I don't think sulfuric acid is gaining any protons here. You mean hydrogen sulfate ion, correct?

Can someone confirm my thought?

The mechanism is acid-catalyzed dehydration, so the acid must be regenerated. Catalysts are by definition not consumed over the course of a reaction. Now, whether the acid is actually sulfuric acid is debatable, and in my mind, unlikely, given the leveling effect and that the solvent is methanol.

The leveling effect states that the strongest acid that can exist in high concentration in a particular solvent is the conjugate acid of the solvent. The conjugate acid of methanol has a pKa of ~ -2.5, while the pKa of sulfuric acid is ~ -9. Thus, sulfuric acid can't exist in high concentration in methanol. Sulfuric acid would immediately protonate the strongest base in the system. Therefore, it appears to me that the acting acid is not sulfuric acid. Perhaps it is protonated methanol ion.

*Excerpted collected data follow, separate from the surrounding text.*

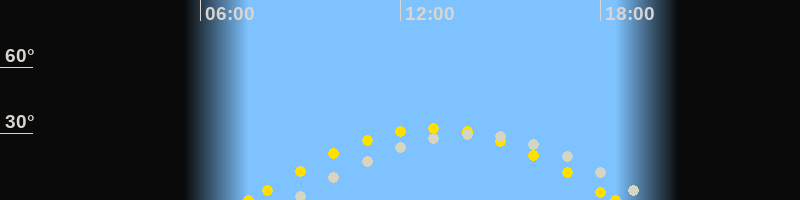 | Höchster Stand (Kulmination) | 14:10 Uhr (h=30.1°) |
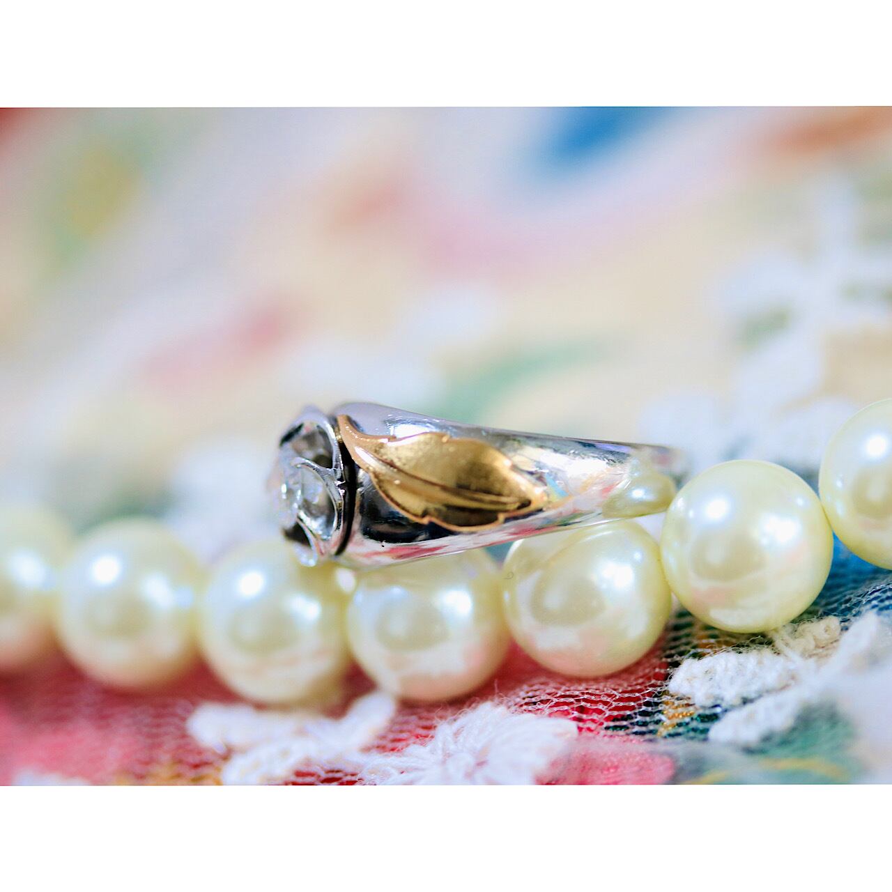 プラチナ900にメインのダイヤモンドの梅の花、サイドにはK20の葉。とても豪華なリングです。
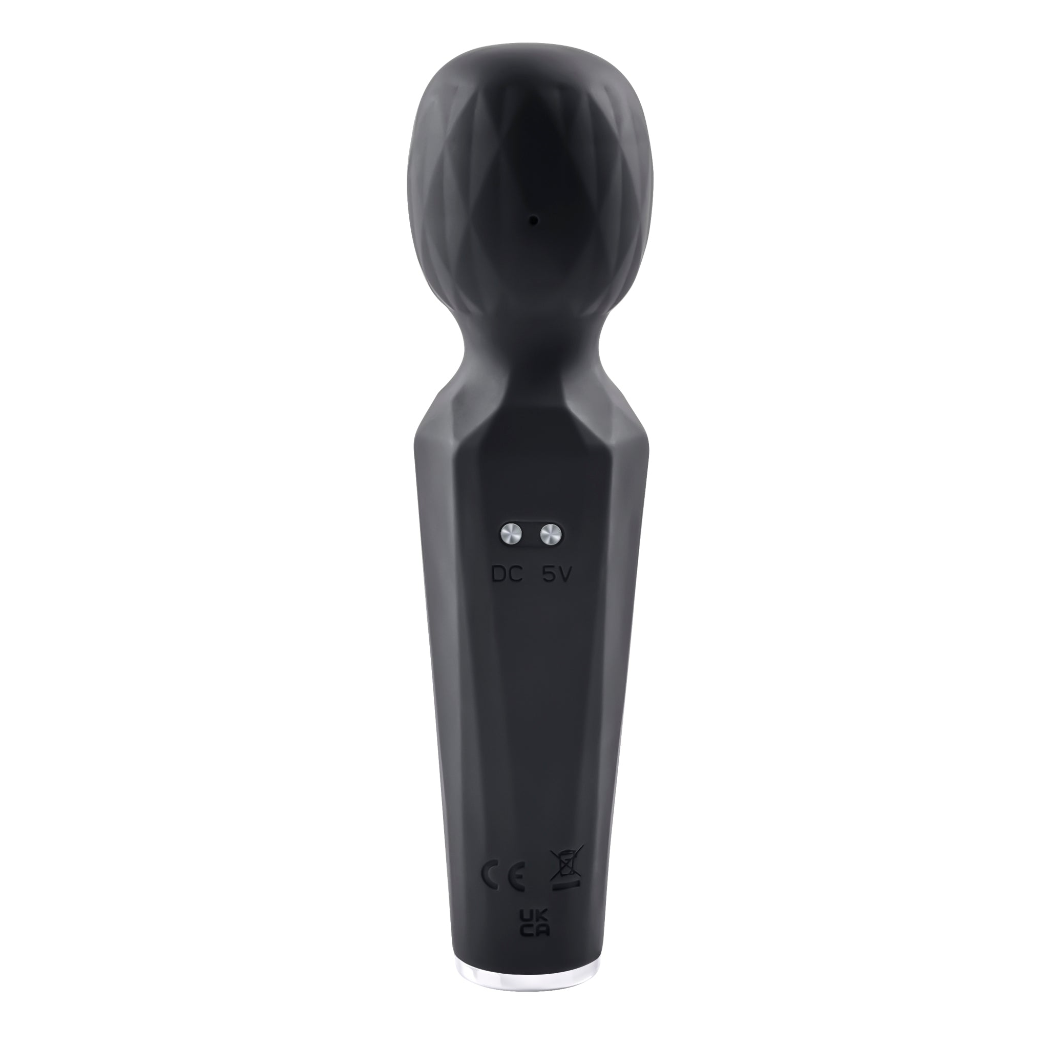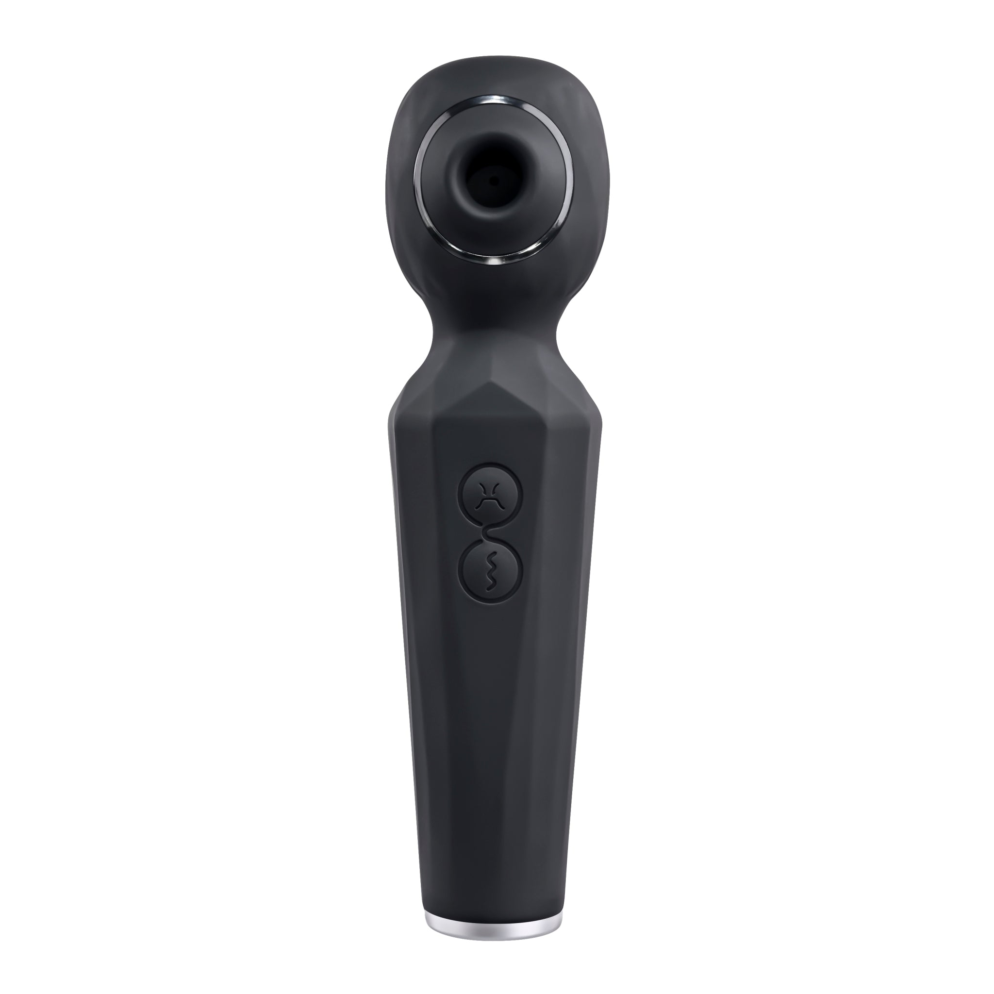 Features: sucking wand vibrator. Powerful vibrations in diamond textured, rigid wand head. 5 speed suction orifice on wand head. 8 vibrating speeds and functions in wand. 2 motors controlled separately. Textured handle for secure grip.

Or perhaps it is the case that sulfuric acid reacts directly with the alkene. Whether sulfuric acid would be regenerated in this particular solvent, however, is questionable at best, given sulfuric acid's extreme thermodynamic instability in methanol. If it were regenerated, then the sulfuric acid would again protonate the strongest base in the system.

Of course, thermodynamic considerations are important, but so are kinetic considerations. Do remember that there is likely a lot more solvent than there is sulfuric acid and substrate (the alkene). So it seems most likely that the acting acid is protonated methanol - it is a lot more likely for sulfuric acid to bump into a methanol molecule rather than an alkene molecule.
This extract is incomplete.